Historical population
| Census | Pop. | Note | %± |
| 1900 | 460 |  | — |
| 1910 | 1,780 |  | 287.0% |
| 1920 | 2,067 |  | 16.1% |
| 1930 | 1,210 |  | −41.5% |
| 1940 | 1,189 |  | −1.7% |
| 1950 | 865 |  | −27.2% |
| 1960 | 531 |  | −38.6% |
| 1970 | 616 |  | 16.0% |
| 1980 | 613 |  | −0.5% |
| 1990 | 721 |  | 17.6% |
| 2000 | 772 |  | 7.1% |
| 2010 | 642 |  | −16.8% |
| 2020 | 499 |  | −22.3% |
| 2025 (est.) | 499 |  | 0.0% |
U.S. Decennial Census

==History==
The town of Hartford was first called Gwynn when it was originally settled. Prior to 1900, the town saw the arrival of the Rock Island Railroad, and the town's name was changed to Hartford. Hartford was incorporated in 1900 and as a result, the old original town of Hartford, about one and a half miles west and named for a creek crossing belonging to the Hart family, is now generally referred to as "Old Town" or "West Hartford". According to Goodspeed's "History of Arkansas", William J. Fleming and William Stevenson opened the first store in West Hartford. By 1891 there were several businesses, a public school, and a Union Church edifice used respectively by Methodists, Baptists, and Cumberland Presbyterians.

The town of Hartford was incorporated February 28, 1900.

On April 2, 1912, Hartford elected a miner, Peter Stewart, as mayor. He was the first socialist mayor elected in Arkansas.

A labor conflict known the Hartford coal mine riot occurred in and around the town on July 12, 1914.

During the early half of the 20th century, the town was home to the Hartford Music Company, which published Gospel music and operated a singing school. The city was also home to significant mining activity, which has returned to a limited extent. Most farm owners have oil or gas pumps in farmland across the town. Hartford is the home of the last working coal mine in the state of Arkansas.

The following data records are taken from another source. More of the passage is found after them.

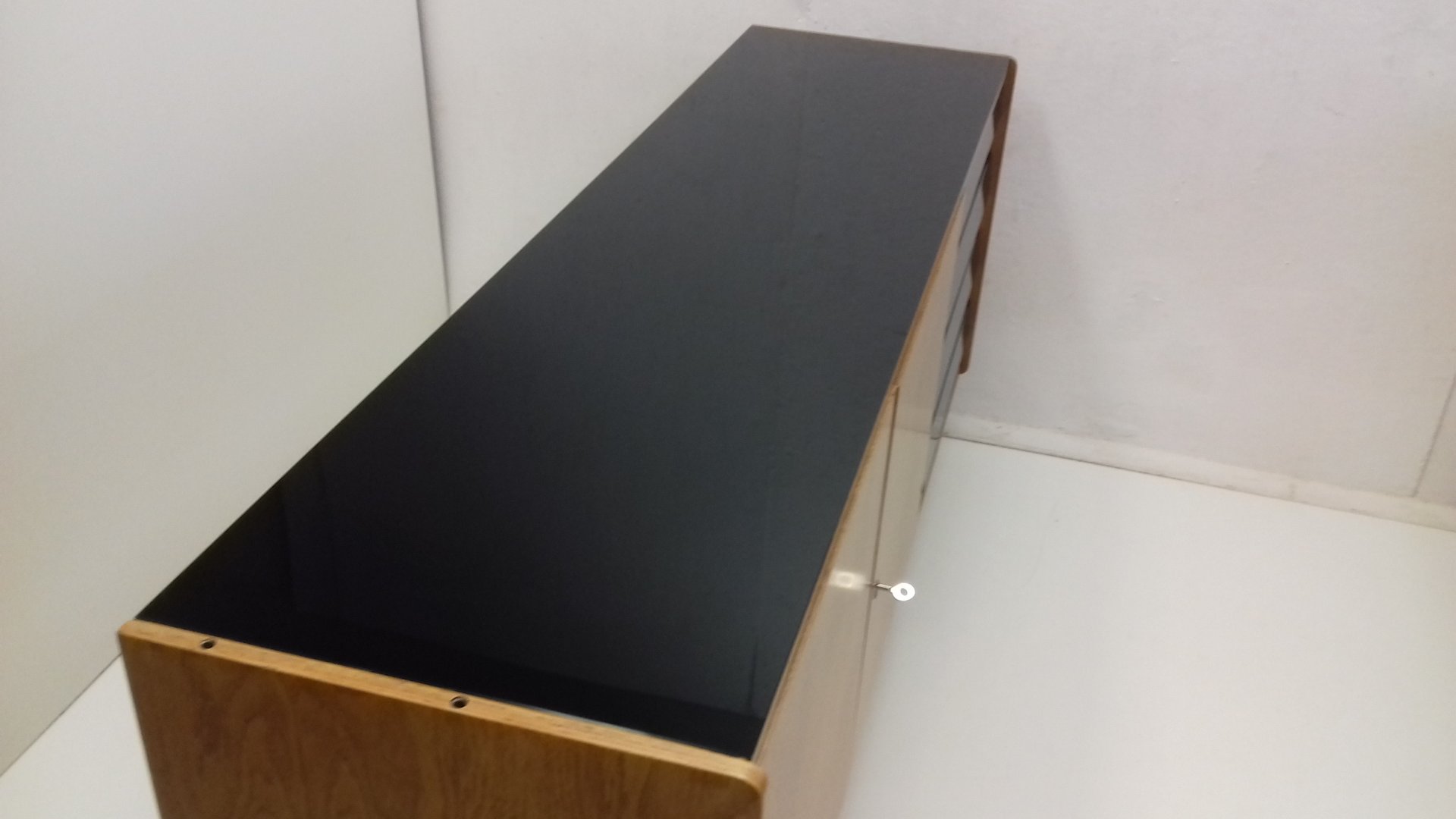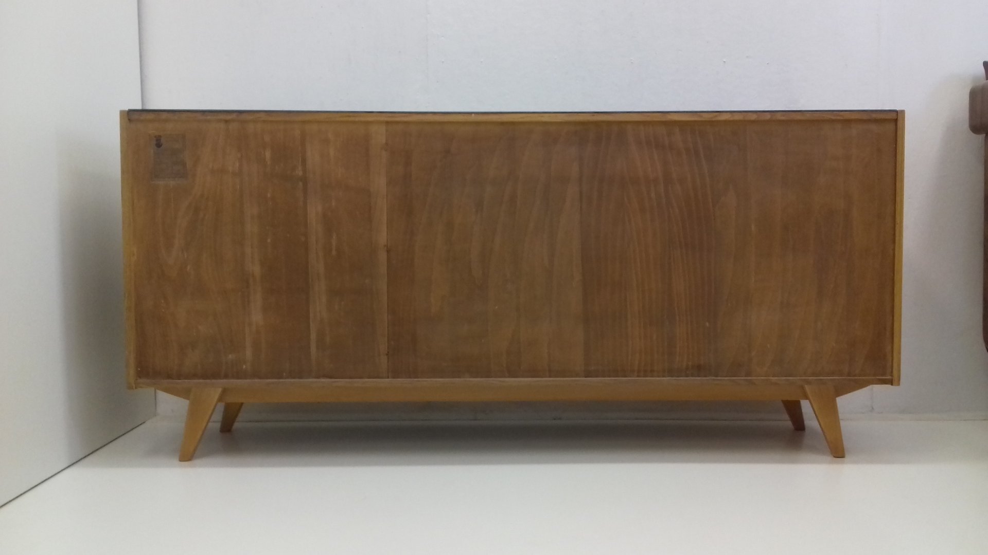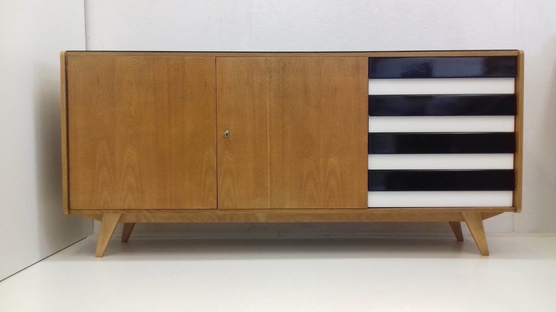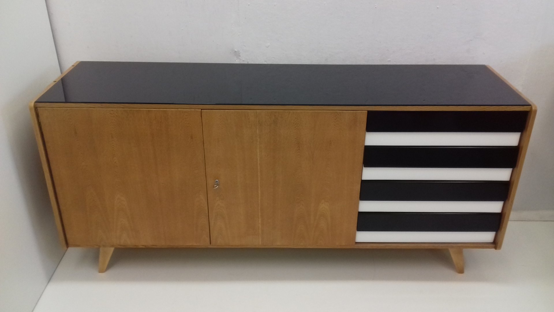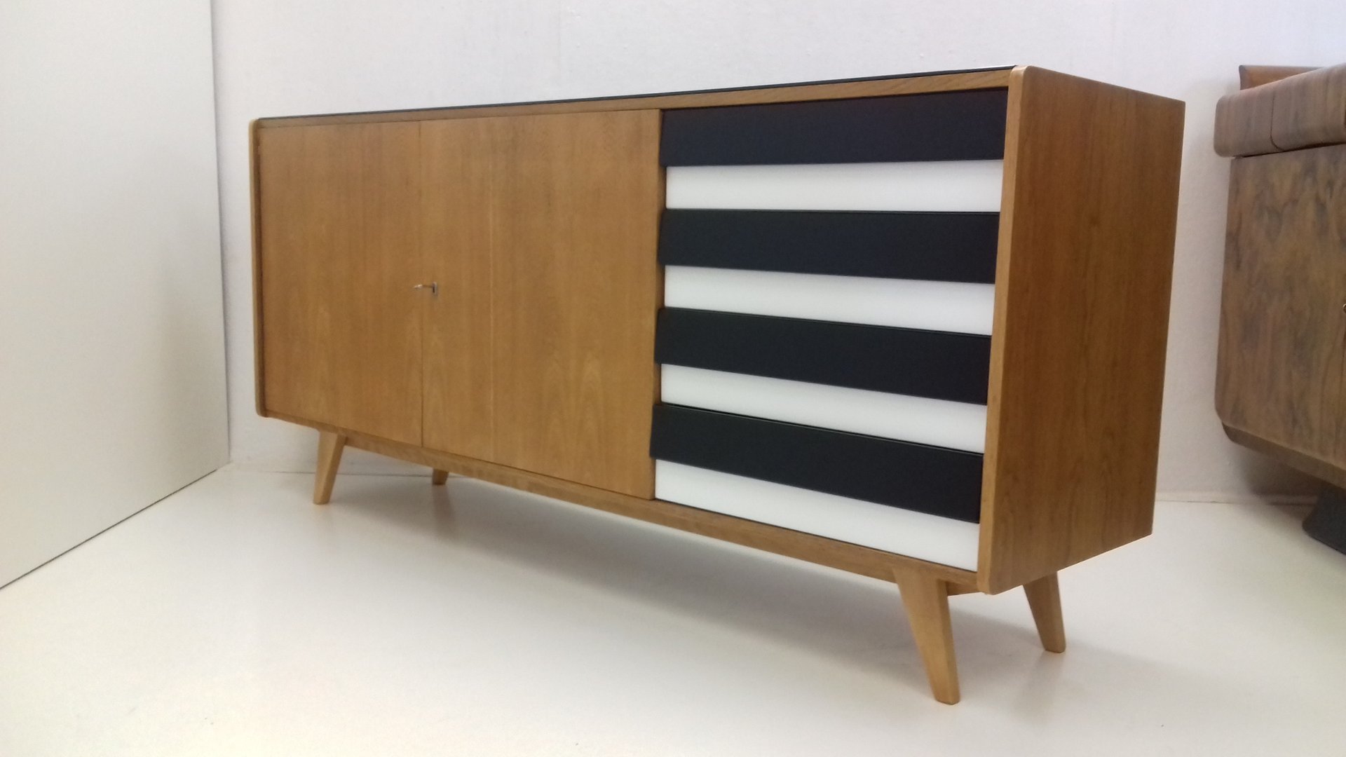 On the heels of early successes, Jiroutek became the head of design at Interier Praha in 1958 and soon after began work on the U-450 series. The designs were heavily inspired by the watershed ’58 Expo in Brussels, which moved Czech postwar design generally toward a “softer” modernism—one characterized by pastel colors, new geometries, and the use of modern materials like engineered composites, glass, and concrete. Jiroutek became know especially for the simple morphologies of oak-veneered sideboards and cabinets with sleekly color-blocked sliding doors and drawers.
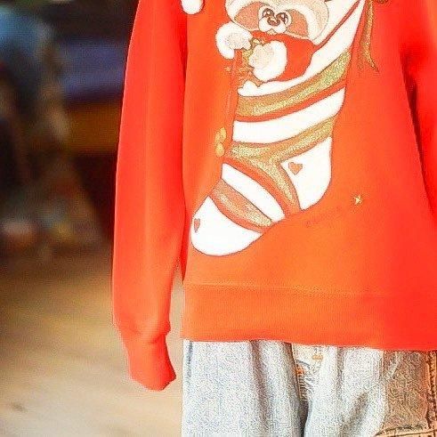 赤×白のキャンディストライプ柄ストッキングに、リボンや星があしらわれたホリデー感たっぷりの一枚です。
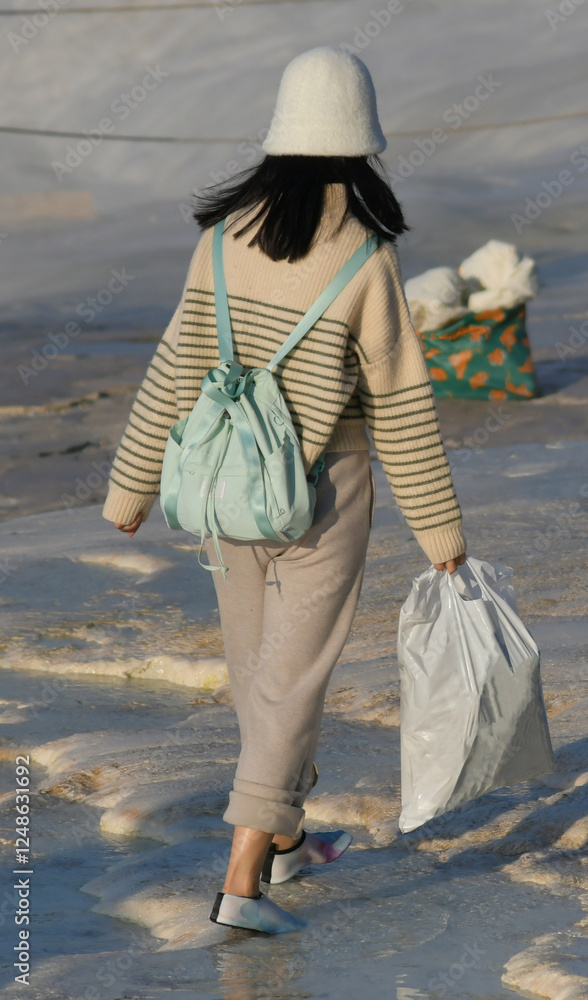 Eine Frau läuft auf den Travertinen von Pamukkale in Denizli
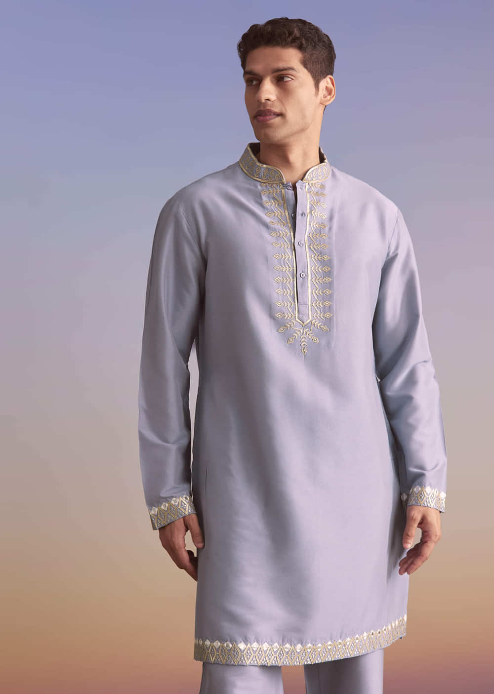 Fit Tips:Expect a structured shoulder on the jacket with gentle waist shaping, and a straight, breathable kurta that layers easily.

The town has views of both Sugarloaf and Poteau mountains.

==Education==
It is in the Hackett School District. Hackett High School is the district's sole comprehensive high school.

Hartford was previously in the Hartford School District. In 2014 the Hartford district agreed to merge into the Hackett district, effective 2015. Hartford High School was the Hartford district's comprehensive high school, staying with the Hackett District until its 2018 closure. Hartford Elementary, the elementary school, closed at the same time.

==West Hartford==
West Hartford is a populated place to the southwest, about halfway to the Oklahoma state border. The National Register of Historic Places-listed Sebastian County Road 4G Bridge is nearby.